Girl #60

My latest go-round with Bumble is winding down, but I met another match over the weekend.  I ignored the rules and red flags with this one.  Not to mention her pictures were all from the head/shoulders up, which is almost always a warning sign.  We added each other on Instagram and her pictures on there were the same.  In fact there are quite a few girls from Bumble that I’ve stopped talking to but are still lurking on my Instagram.  I’m paying them no mind because I’m also a whore for followers.

#60
Anyway, I met this one at a bar not too far from where she lived.  As soon she walked in she confirmed my suspicions.  I looked at her and was like… no.  Just no physical attraction.  She was nice enough, but nice is not enough.  And while our online chats were fire, in person our conversational styles and personalities clashed.  Not to mention it was hard to talk in a noisy bar.  “No bars” is another rule of mine, but it was a handy meeting spot plus I knew the band that was playing there. 

We stuck it out for an hour before parting ways.  Short and painless.  Afterwards I couldn’t help but wonder if I had gotten a glimpse at how dates view me when I walk through the door.  Some of them have certainly looked disappointed from the get-go.  In any event I’m trying my best to make myself fuckable.  I’ve been hitting the gym and the kitchen big time during my vacation and am very pleased with my progress.  Still have a ways to go yet…

In the meantime I’m thinking it’s time for another break from Bumble.  I also just realized that Valentine’s Day is upon us.  I don’t remember whether this is a good or bad time to be online dating.  All I do remember is that I haven’t had a Valentine since 2003.  Wow, has it really been that long?  Damn.  But we’ll see what happens.  I also have some stories to share that predate this blog, so look for those soon.

16 thoughts on “Girl #60

  1. I’ve only had one young woman follow me from instagram and while I did try to get something going with her beyond Tinder it seemed she wasn’t that interested. Eventually she unfollowed me on instagram. It was a fail, but it was certainly a case of no interest. I think social media is great for meeting people too bad it’s seen as mostly an image thing.
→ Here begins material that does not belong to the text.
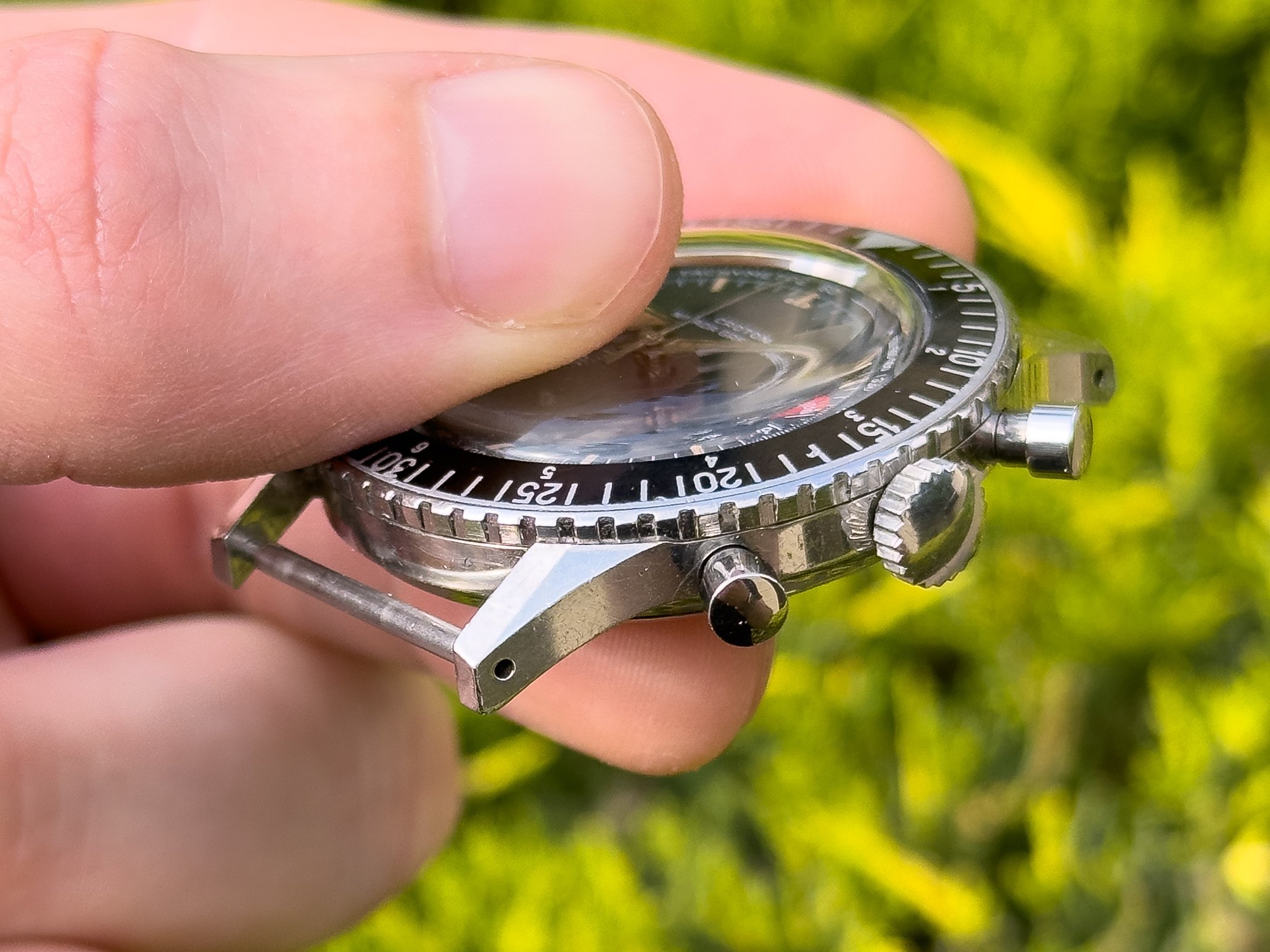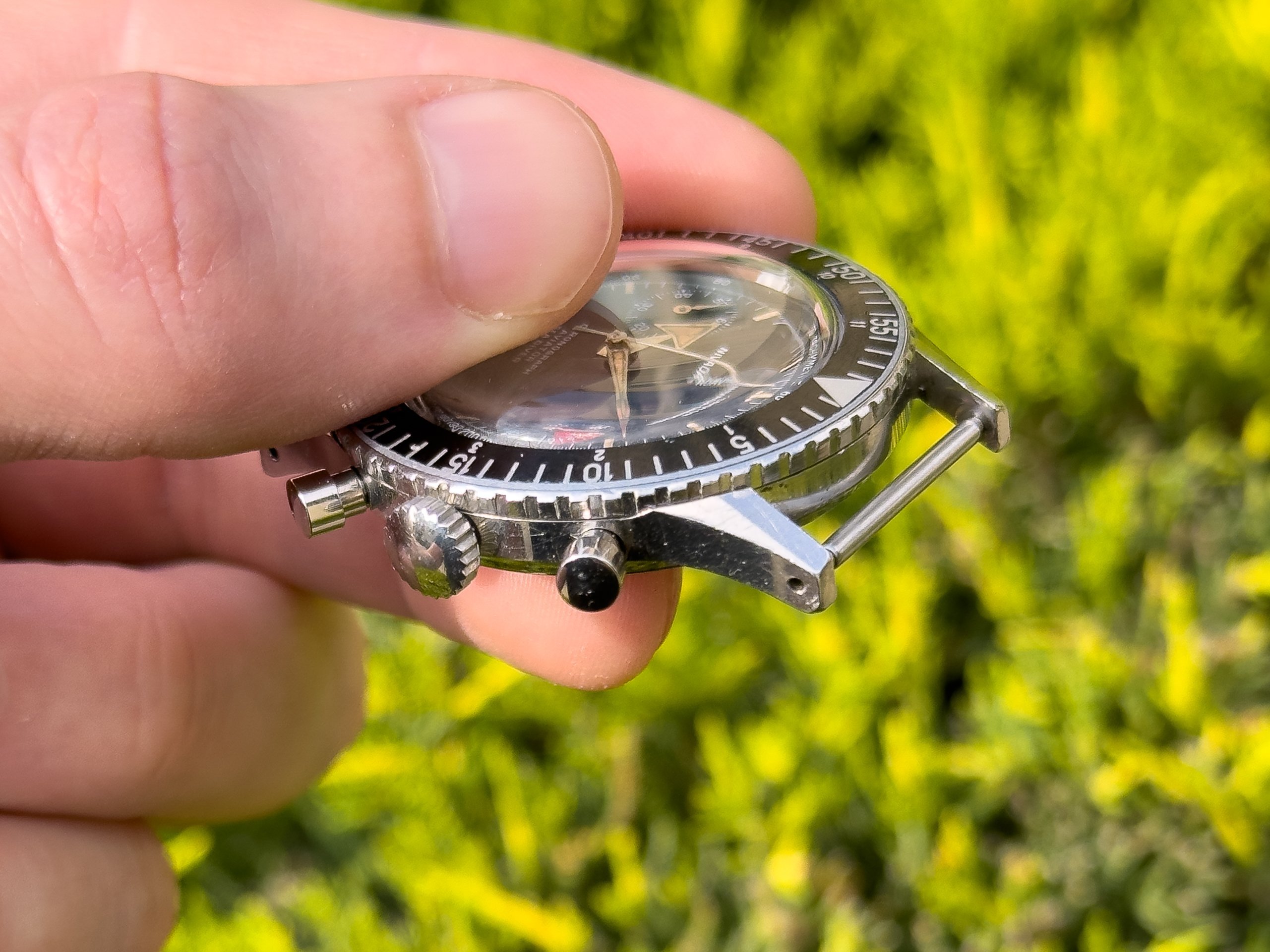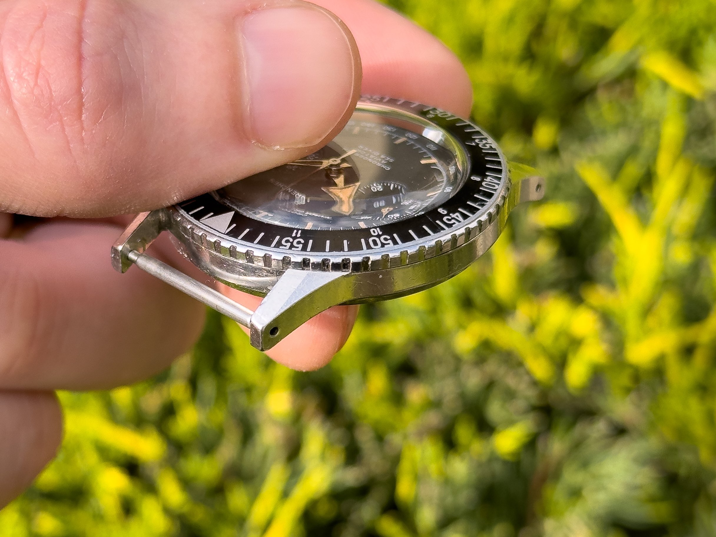Overall, for being 63 years young, this piece is in great condition. As I haven’t been with it since new, I can’t say it is unpolished, but I can say it retains its sharp case lines. However, it does of course show wear commensurate with age. The 38mm case accepts 20mm straps and is a very comfortable size to wear. The bezel rotates in both directions as it should. The matte black dial is in excellent condition, and like the hands, retains the original radium lume. The start/stop & reset pusher engage nicely, operate as they should, and the hands reset precisely. The crown winds smoothly. If you have any questions, please don’t hesitate to reach out. I have run out of straps to give away, so this is being offered as head only.

  2. I’m sure I’ve commented on the statements you’ve made about ‘warning signs’ from pics before – head and shoulders shots a non-no? I know guys like to get an idea of the full package, but there is also the fact that some of us hate to pose for pics (even with a friend) and the selfie cam really doesn’t stretch much if you don’t have one of those ridiculous sticks! Not all of us are trying to hide a body that is less than perfect (for the male gaze). Really, I find this attitude a bit insulting.

    • That is what I thought too. I don’t have much photographic evidence of my existence, and a dude would be missing out if they judged off that.

      This post made me actually think “thank fuck I’m not single” (which I hate that it crossed my mind, Cos I don’t like to judge based off of relationship status), because if guys are so brutal as to judge someone off the bat with “…no. Just no.” I’d rather go live in a cave with scorpions biting my ass.

      • Well put unicorn! TFUV and I have had some conversation about this in the past and I agree with you – thankfully I have always found plenty of men who don’t judge me based on a head shot or head and upper torso shot but it’s possible I’ve been missing out on a chance with men who by default, consider me inappropriate. But then again, it’s their loss 🙂

        • It’s a ridiculous assertion that anyone would be attracted to everyone – no, that’s not how the world works. However, anyone I have encountered in a possibly romantic context I have definitely not judged with superficiality, and given them a go. If I stuck to a physical type and judged as such, then I wouldn’t be 7 years deep in a loving relationship right now. But that’s just me I guess, I find music taste and good grammar surpasses a lush set of black hair *shrugs*

            • The point isn’t whether or not you are attracted to someone, it’s having a little bit of humility in the way it is handled. Perhaps it was just a poor choice of written words, but it sounded superficial and jerky (e.g. “no. Just. No.” Insinuates you’re looking at some rotting monster, vs “eh there’s no tingle here”). I try and treat others how I want to be treated, so if I don’t like being looked at like a used condom full of cockroaches in a gutter (which is damn no. Just. No), I’d choose my words more wisely.

            • “I don’t have much photographic evidence of my existence, and a dude would be missing out if they judged off that.” Except that doesn’t really work with online dating. Virtually every dating profile advice I ever read specifically states you must have more than one photo, and at least one *clear* full body shot. I read so many women’s blogs where they consider it suspicious or a red flag if a guy doesn’t have either of these things, or if he isn’t smiling or is always wearing sunglasses. Are those women also wrong to make those judgements? Have you never looked at a guy’s profile and made those kinds of judgments? And saying I just didn’t find someone attractive in person “insinuates I’m looking at a rotting monster?” What?